Nothing but the lines from the first line of the entries through the line with "At SAMARITA GLOBAL" should appear in the answer, transcribed exactly and free of pictures.
------------------------
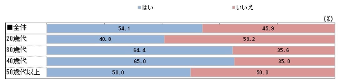 【年代]20代:42.4%/30代:31.1%/40代:17.2%/50代以上: 9.3%
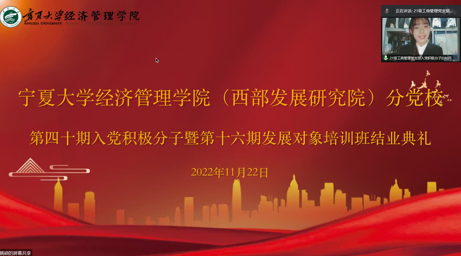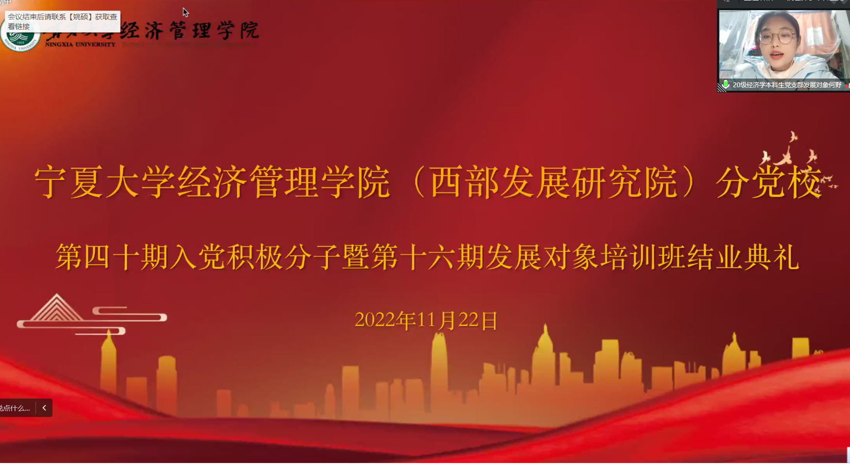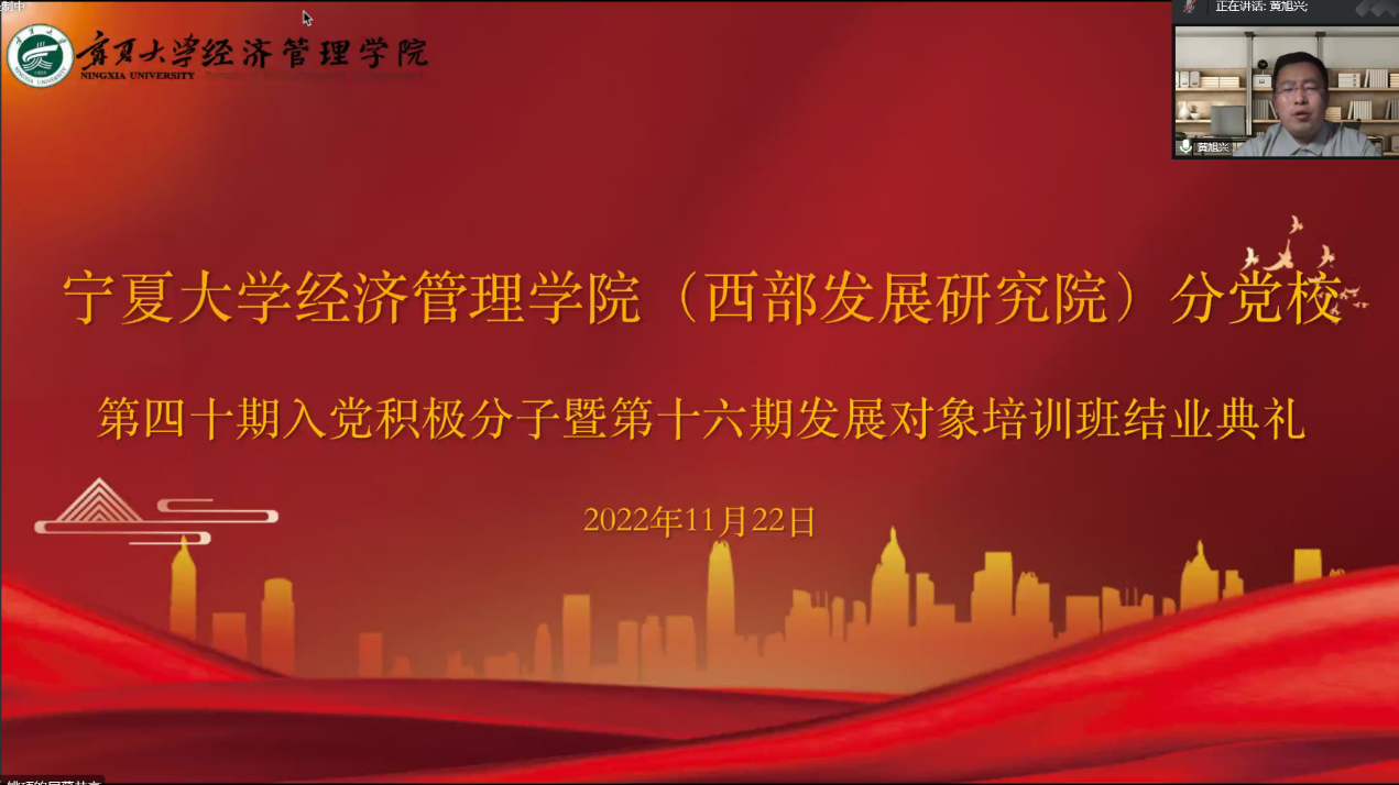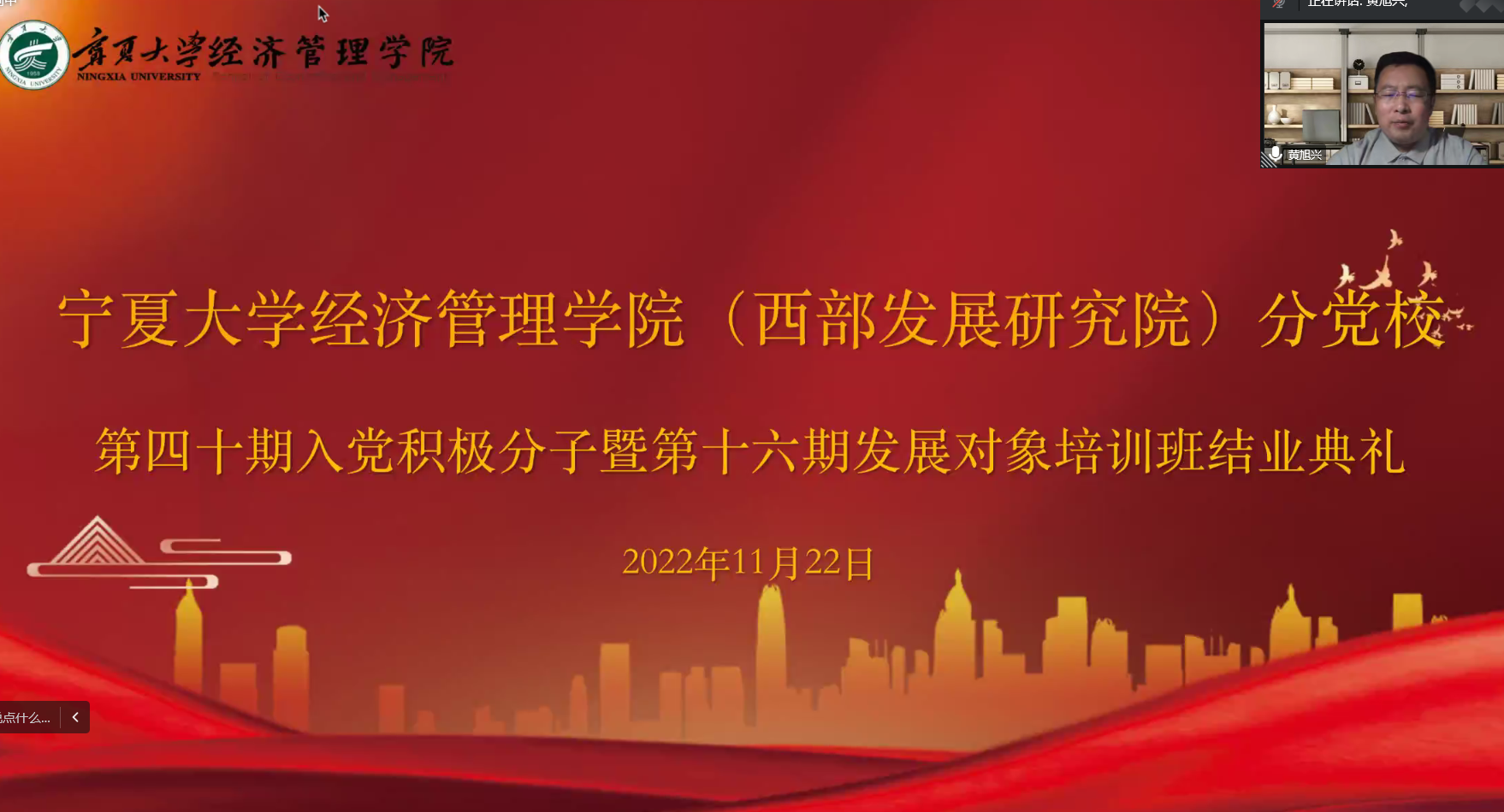 (西部发展研究院)分党校第四十期入党积极分子暨第十六期发展对象结业典礼在线上顺利举行。院党委副书记黄旭兴、党建秘书姚硕、第四十期入党积极分子和第十六期发展对象参加了会议。会议由姚硕主持。
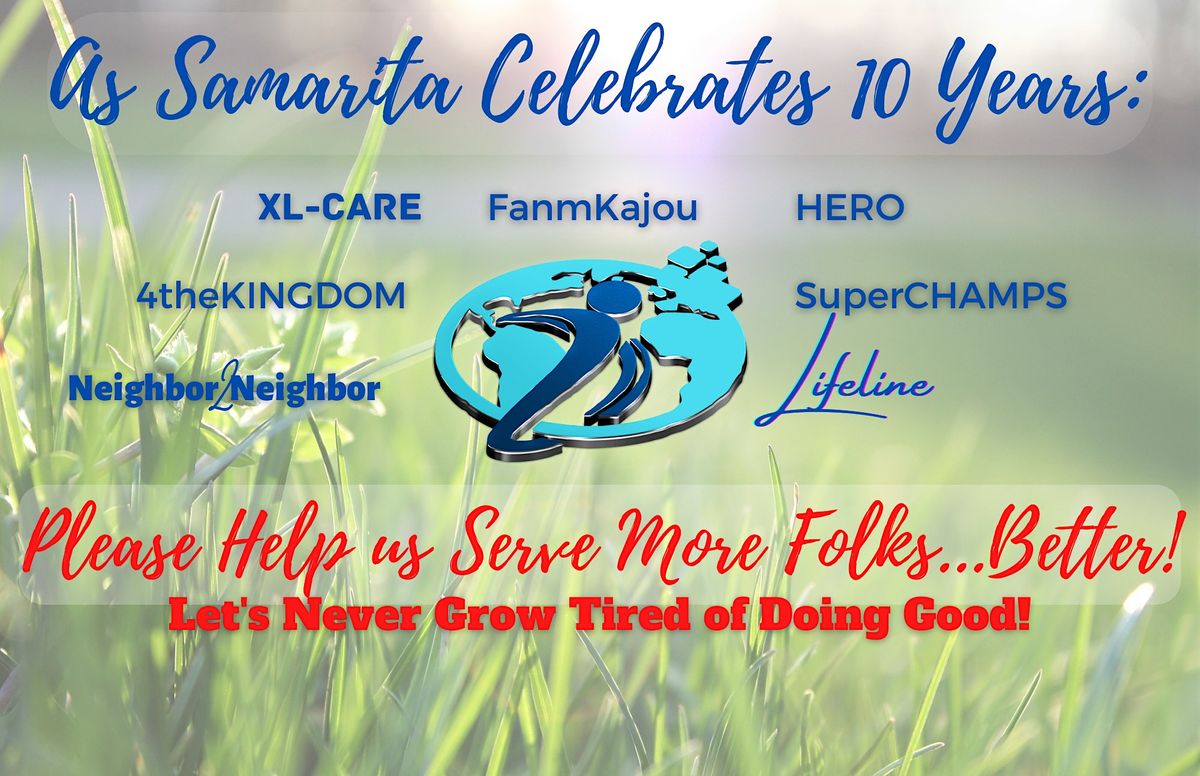 At SAMARITA GLOBAL OUTREACH INC, a 501(c)3 nonprofit organization, we aim to rescue, motivate, educate and empower individuals to excel toward higher standards. After 10 years of operation, we realize the more we do, the more there is to be done!
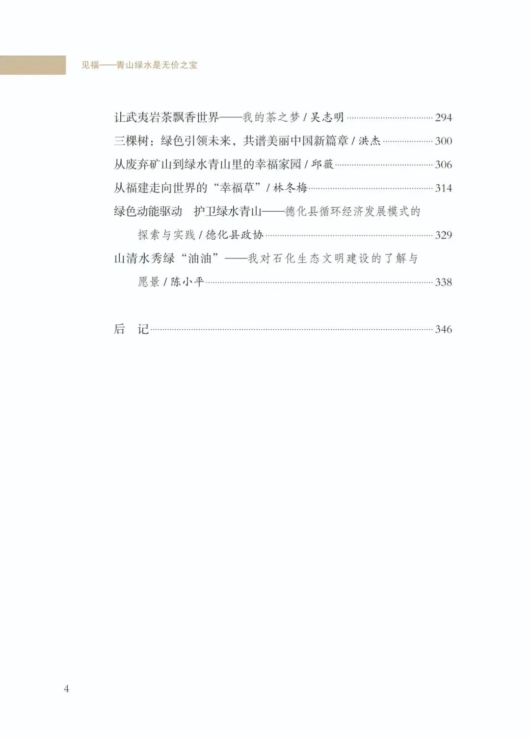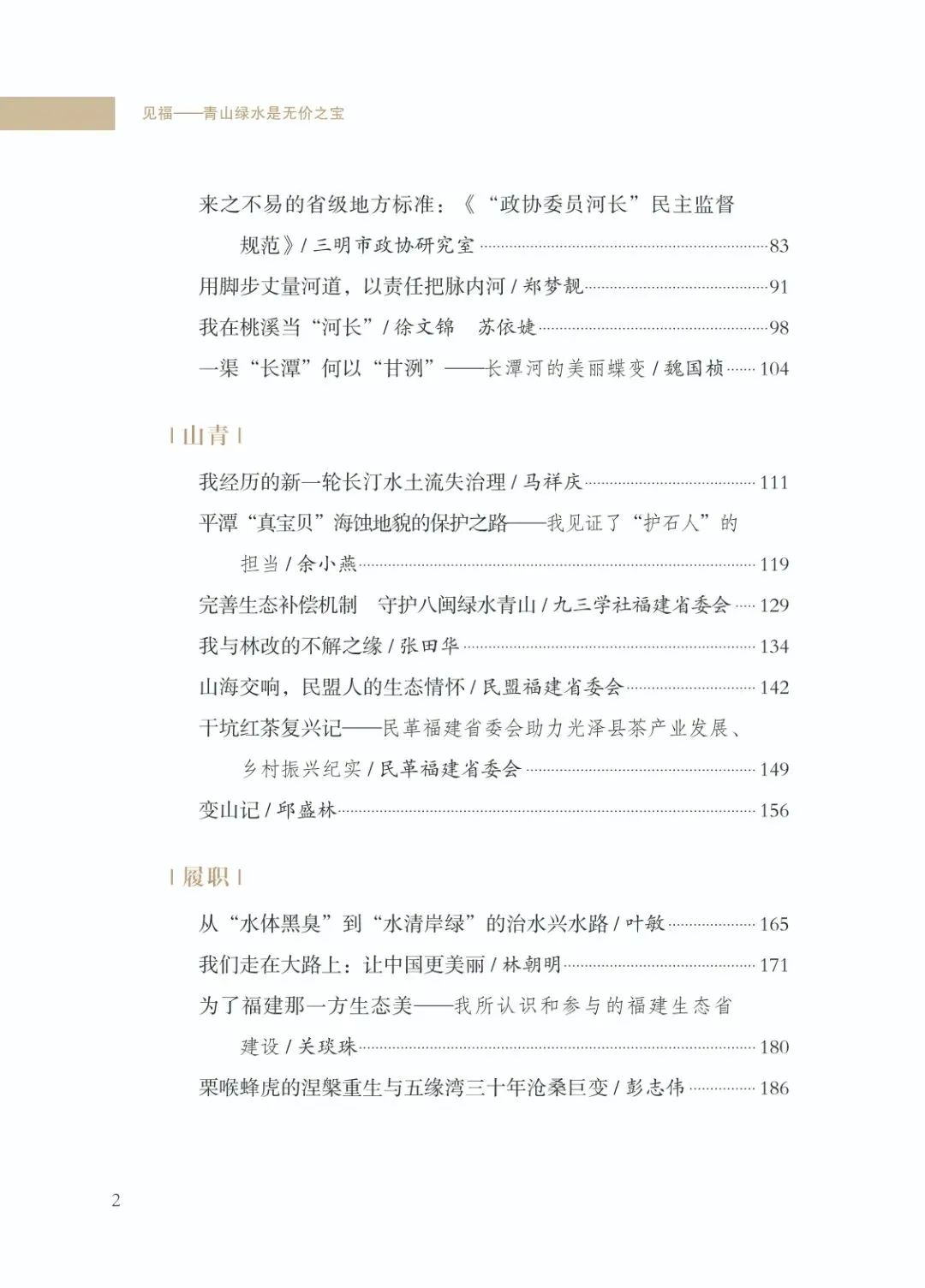 十三屆福建省政協(xié)提出“為閩協(xié)商 為民服務(wù)”品牌建設(shè)的要求,積極探索文史工作的新方法,努力推進(jìn)文史資料專(zhuān)題化、系列化。這些文史資料具有“存史、資政、團(tuán)結(jié)、育人”的社會(huì)功能,是打造具有鮮明時(shí)代特征、福建特色、政協(xié)特點(diǎn)的文史圖書(shū)品牌的寶貴素材。《青山綠水是無(wú)價(jià)之寶》是“見(jiàn)福”系列圖書(shū)之開(kāi)篇,我們從福建各級(jí)政協(xié)和各民主黨派、工商聯(lián)踐行習(xí)近平生態(tài)文明思想破題,采摭諸多“三親”,雖管中窺豹,知秋一葉;但綠水鑒影,青山作證,20多年來(lái),福建牢記囑托,堅(jiān)持一張藍(lán)圖繪到底。我們共同參與,一路前行,與有榮焉。
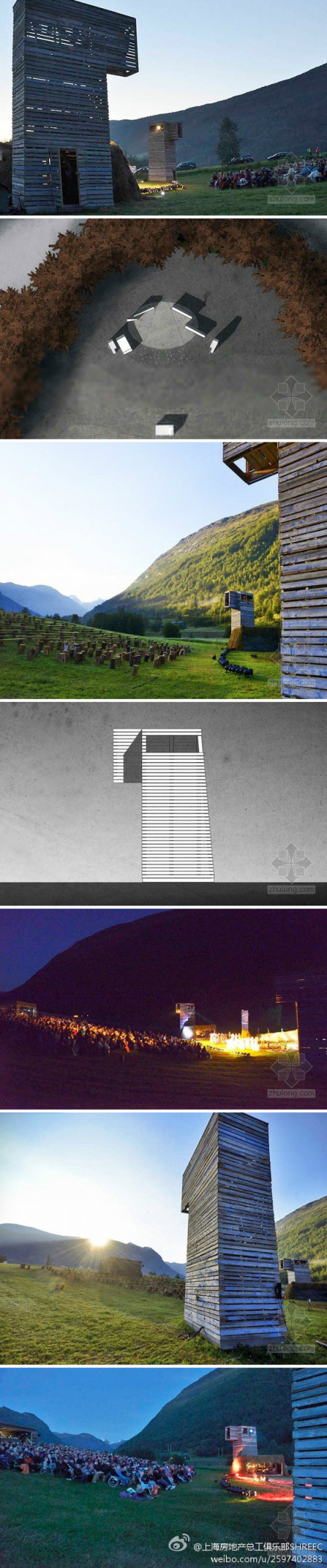 @上海房地產總工俱樂部SHREEC:綠色建筑 Bjornadal設計挪威海姆內斯戶外劇場:這個美麗的建筑位于挪威海姆內斯壯麗的群山中。舞臺的兩側設有木制塔樓,傳承了挪威景觀營造的傳統和民俗,使用了天然的當地材料。該項目利用了場地天然山坡的優勢,這些座位直接采用了天然的伐倒木,而取自當地鋸木廠的簡易樹樁更是代替了單人小凳。
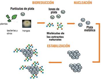 De la síntesis mediante el uso de plantas se obtienen extractos con alto poder antioxidante. La reducción inicial de iones metálicos induce a la formación de centros de nucleación. Estos centros secuestran iones metálicos adicionales y también incorporan lugares vecinos de nucleación que conducen a la formación de nanopartículas. Además, como estas partículas están asociadas a restos orgánicos de los extractos de plantas, en ocasiones, se consigue estabilizar esas partículas de tamaño nanométrico e impedir que se agreguen.37
------------------------
- **COMPLETED TASK**:
 【年代]20代:42.4%/30代:31.1%/40代:17.2%/50代以上: 9.3%
 (西部发展研究院)分党校第四十期入党积极分子暨第十六期发展对象结业典礼在线上顺利举行。院党委副书记黄旭兴、党建秘书姚硕、第四十期入党积极分子和第十六期发展对象参加了会议。会议由姚硕主持。
 At SAMARITA GLOBAL OUTREACH INC, a 501(c)3 nonprofit organization, we aim to rescue, motivate, educate and empower individuals to excel toward higher standards. After 10 years of operation, we realize the more we do, the more there is to be done!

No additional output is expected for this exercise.